Question

A heat exchanger contains 400 tubes with inner diameter of \(23 \mathrm{~mm}\) and outer diameter of \(25 \mathrm{~mm}\). The length of each tube is $3.7 \mathrm{~m}\(. The corrected log mean temperature difference is \)23^{\circ} \mathrm{C}$, while the inner surface convection heat transfer coefficient is \(3410 \mathrm{~W} / \mathrm{m}^{2} \cdot \mathrm{K}\) and the outer surface convection heat transfer coefficient is \(6820 \mathrm{~W} / \mathrm{m}^{2}\), \(\mathrm{K}\).
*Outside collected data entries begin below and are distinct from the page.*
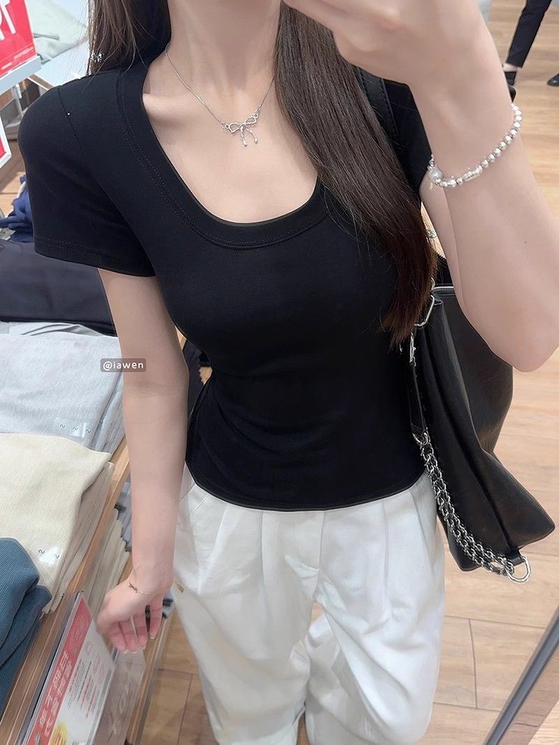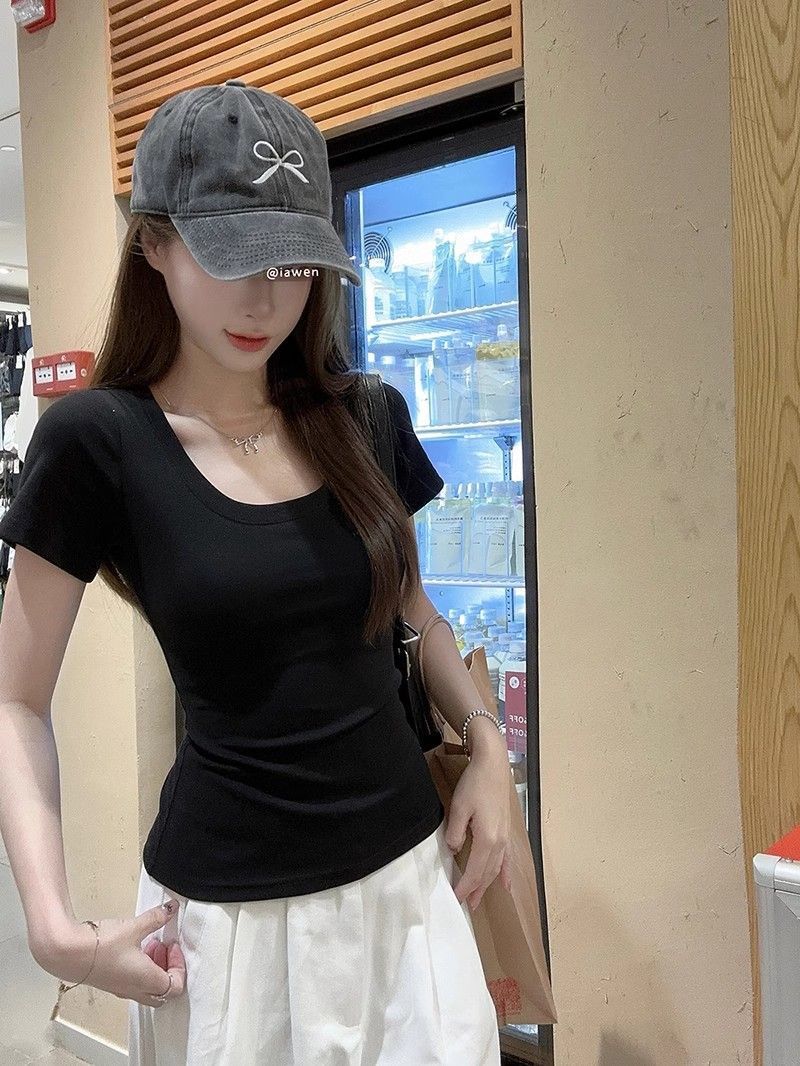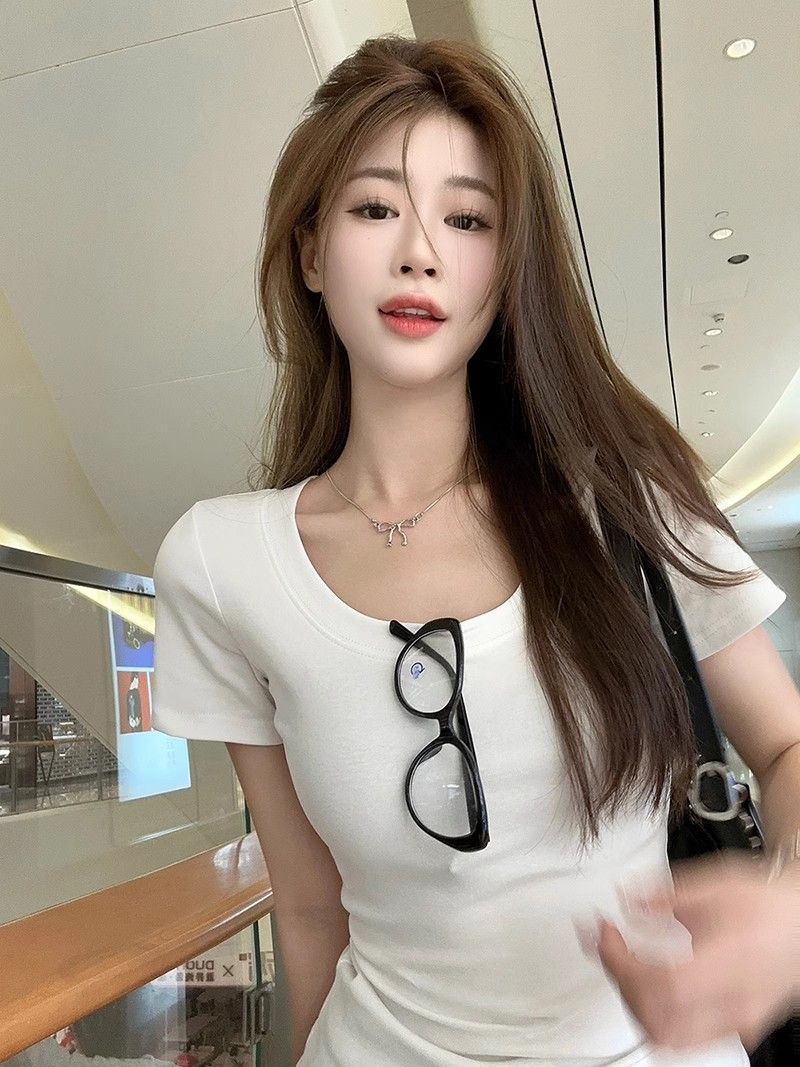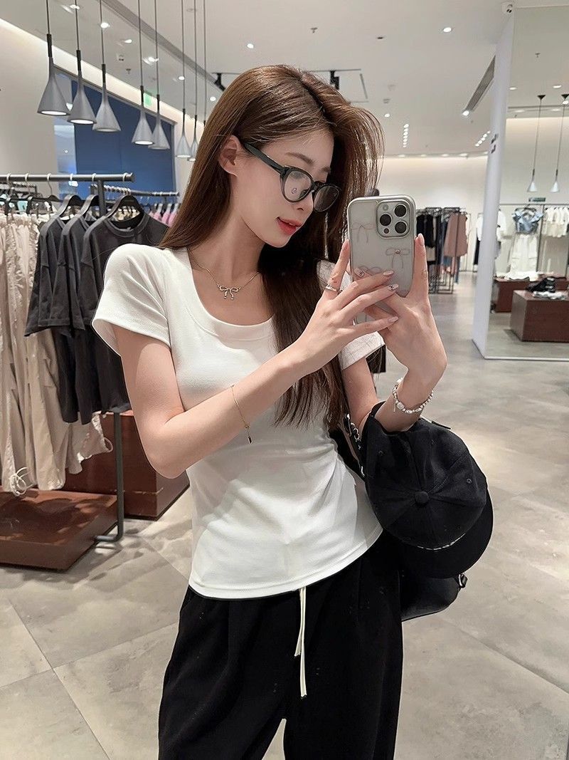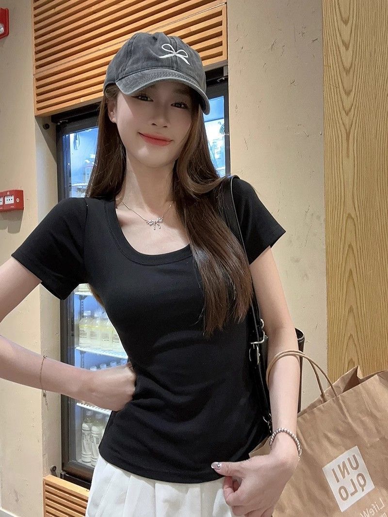 유넥 슬림핏 반팔 여성 2025 여름 신상 한국 스타일 티셔츠 화이트 숄더라인 기본 셔츠 수출용 여성 상의스토어 가기
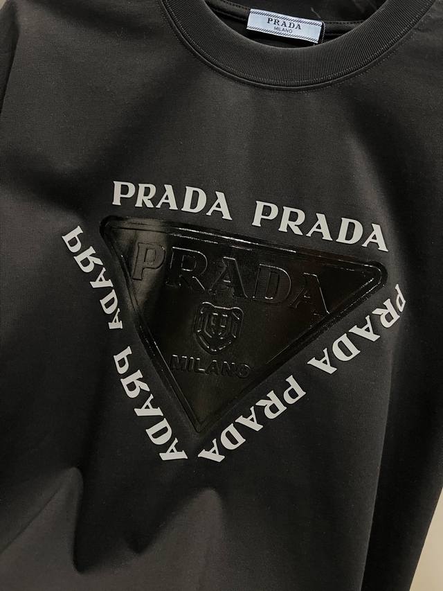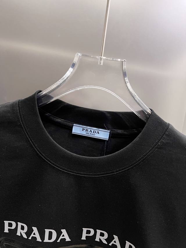 Prada 2025 Autumn/Winter New Short-Sleeve T-Shirt, Unique Classic 3D Letter Glossy Print, High-End Version! Custom-made fabric for superior breathability and comfort. Unisex loose fit, sizes S, M, L, XL, XL. Available in black and white.
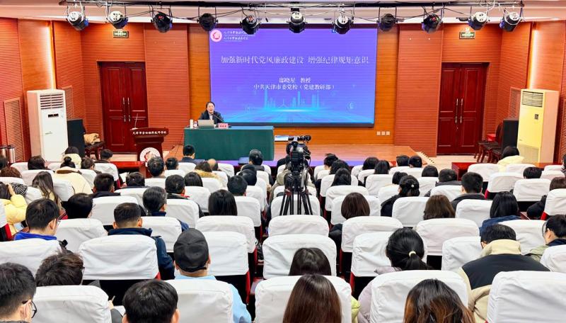授课现场,天津市习近平新时代中国特色社会主义思想讲师团成员、市委党校教授邸晓星围绕“加强新时代党风廉政建设 增强纪律规矩意识”主题,紧扣习近平总书记关于党的自我革命的重要思想,深入阐释全面从严治党新部署新要求,结合典型案例生动解读党章党规党纪,引导教职工筑牢廉洁从教思想防线。
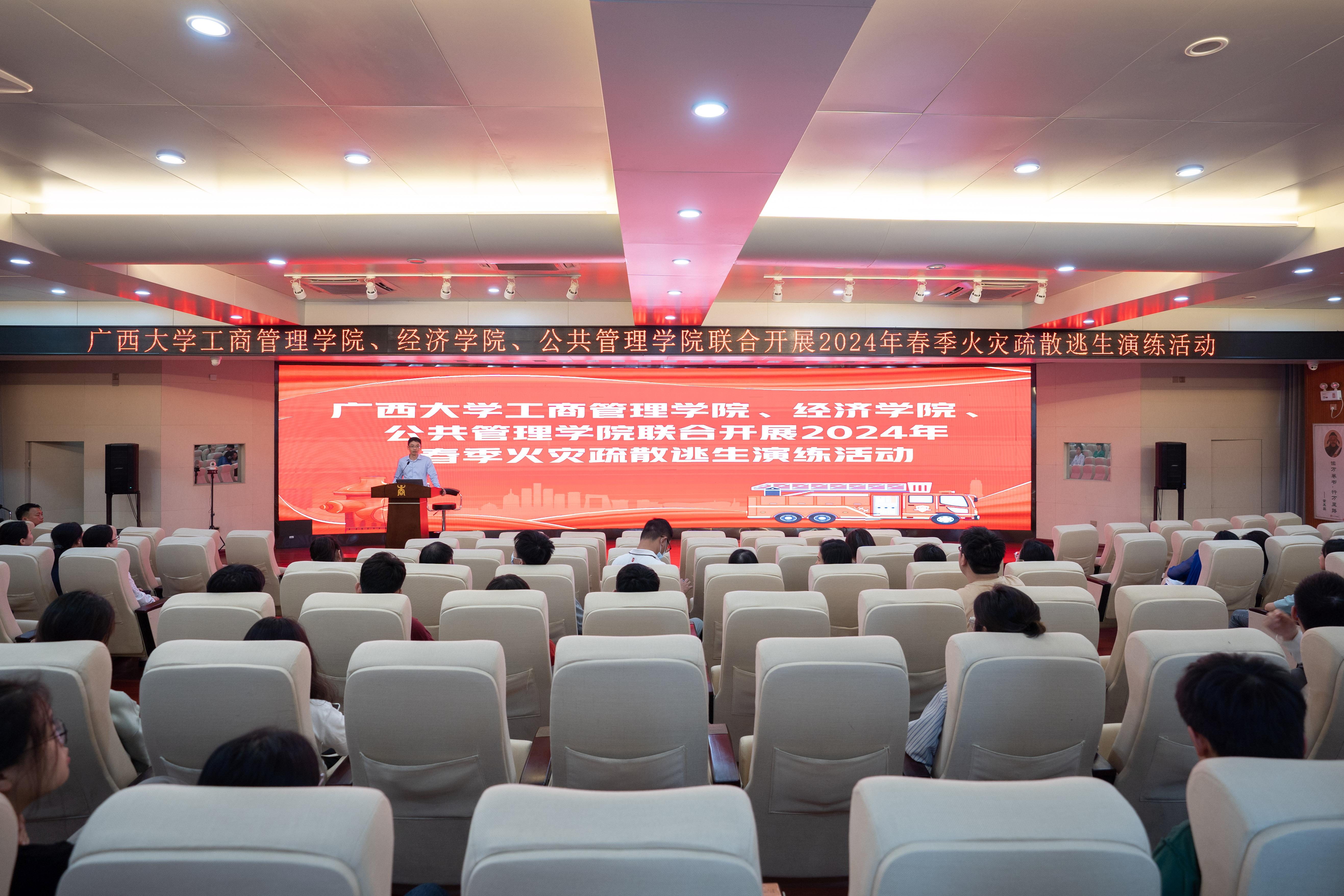 为切实提高广大师生员工的消防安全意识和自防自救能力,3月29日下午,bwin必赢国际中国官方网站与经济学院/中国-东盟金融合作学院、公共管理学院联合开展2024年春季消防安全培训及演练活动。学校保卫处消防安全管理岗负责人黄光电老师及工作人员来到现场指导工作,三院师生代表共170余人参加活动。bwin必赢国际中国官方网站党委副书记肖克宁主持活动。
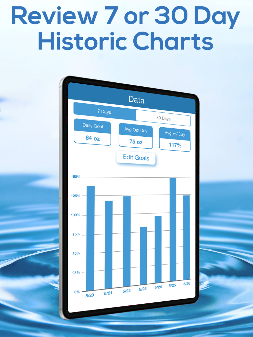 You will get ongoing monthly access to your water intake data and ability to customize and edit your preferred settings.
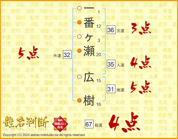一番ヶ瀬広樹さんの総運は67画の4点!
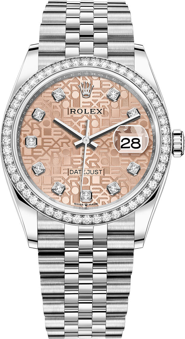 • Pink JUBILEE dial, featuring the ROLEX name repetitively embossed on the dial.
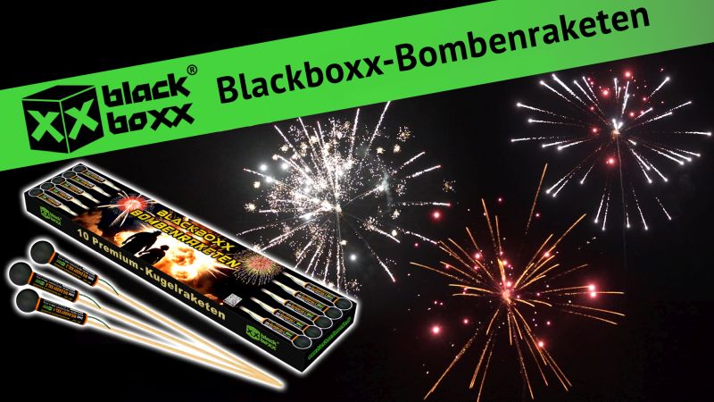 10 professionelle Kugelbomben-Raketen vom Kaliber 30 und 38 mm im Sortiment.
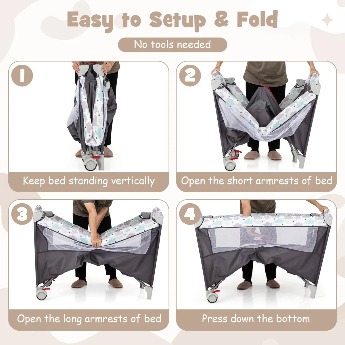 【Draagbaar voor gemakkelijk reizen】 Deze wieg is ontworpen voor actieve gezinnen, kan compact worden opgevouwen en wordt geleverd met een opbergtas voor probleemloos transport. Of je nu op bezoek gaat bij opa en oma of op vakantie gaat, het snelvouwmechanisme en de vergrendelbare wielen maken het gemakkelijk te verplaatsen en op te bergen.
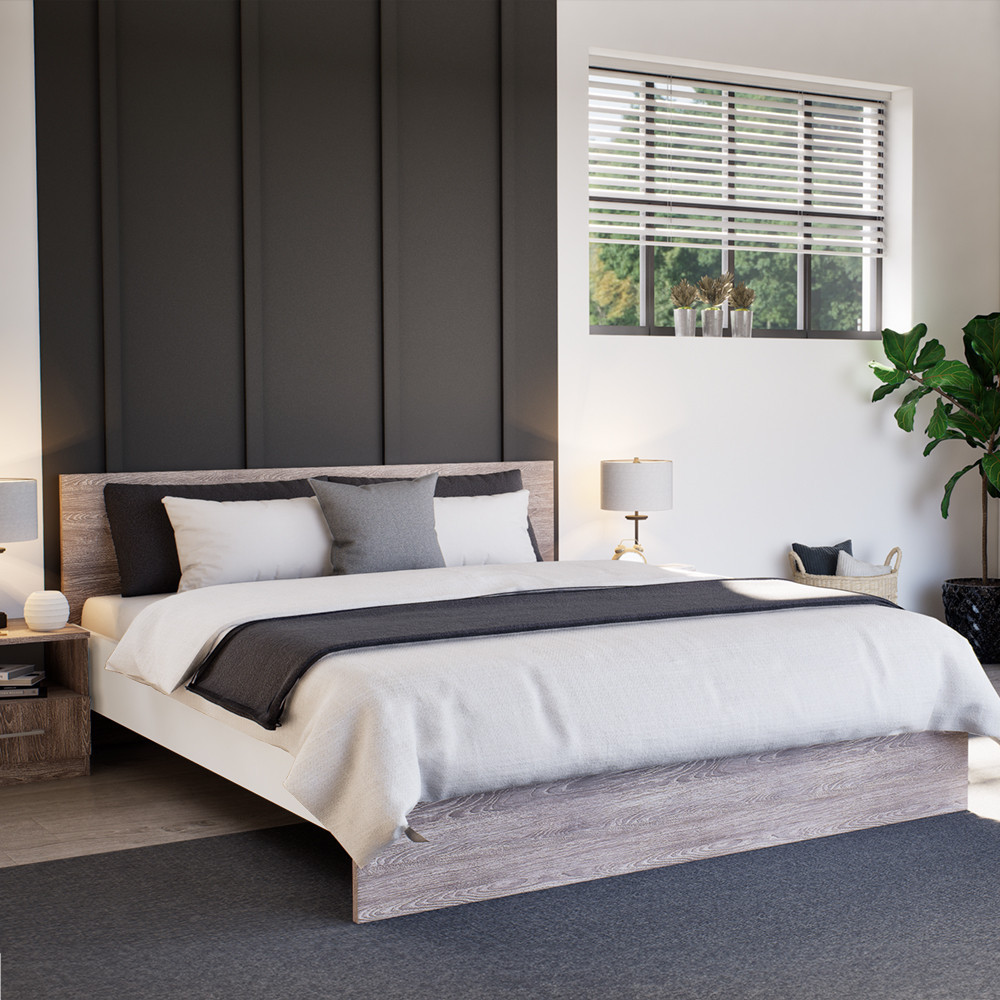 Esztétikum: A fahatású oldallapok és fej-/ágyvégek modern és elegáns megjelenést kölcsönöznek az ágynak, amely könnyedén illeszkedik a legtöbb hálószoba stílusához.
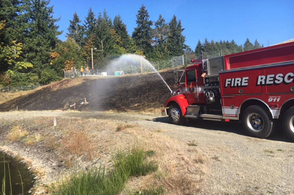On the morning of Sept. 27, Vashon Island Fire & Rescue responded to a brush fire at the transfer station, above.

If the thermal resistance of the tubes is negligible, determine the heat transfer rate.

Short answer

Answer: Using the given information and the calculations in the solution, the heat transfer rate in the heat exchanger can be found by the formula: \(q = U \cdot 400 A_{1} \cdot 23 \mathrm{~K}\) First, calculate the surface area of one tube (\(A_{1}\)): \(A_{1} = 2 \pi (0.0115 \mathrm{~m})(3.7 \mathrm{~m})\) Next, find the overall heat transfer coefficient (U): \(U = \left(\frac{1}{3410} + \frac{1}{6820}\right)^{-1}\) Finally, determine the heat transfer rate (q) using these values: \(q = U \cdot 400 A_{1} \cdot 23 \mathrm{~K}\) Perform these calculations to find the heat transfer rate in Watts (W).

Step-by-step solution

Determine the total surface area of the tubes

To find the total surface area of the tubes, we first need to calculate the surface area of one tube and then multiply it by the total number of tubes. The surface area of one tube can be found using the formula: \(A_{1} = 2 \pi r L\) Where \(r\) is the inner radius (half of the inner diameter) and \(L\) is the length of the tube. Let's calculate \(A_{1}\): \(A_{1} = 2 \pi (0.0115 \mathrm{~m})(3.7 \mathrm{~m})\) Now we can calculate the total surface area \(A_{total}\) by multiplying by the number of tubes: \(A_{total} = 400 A_{1}\)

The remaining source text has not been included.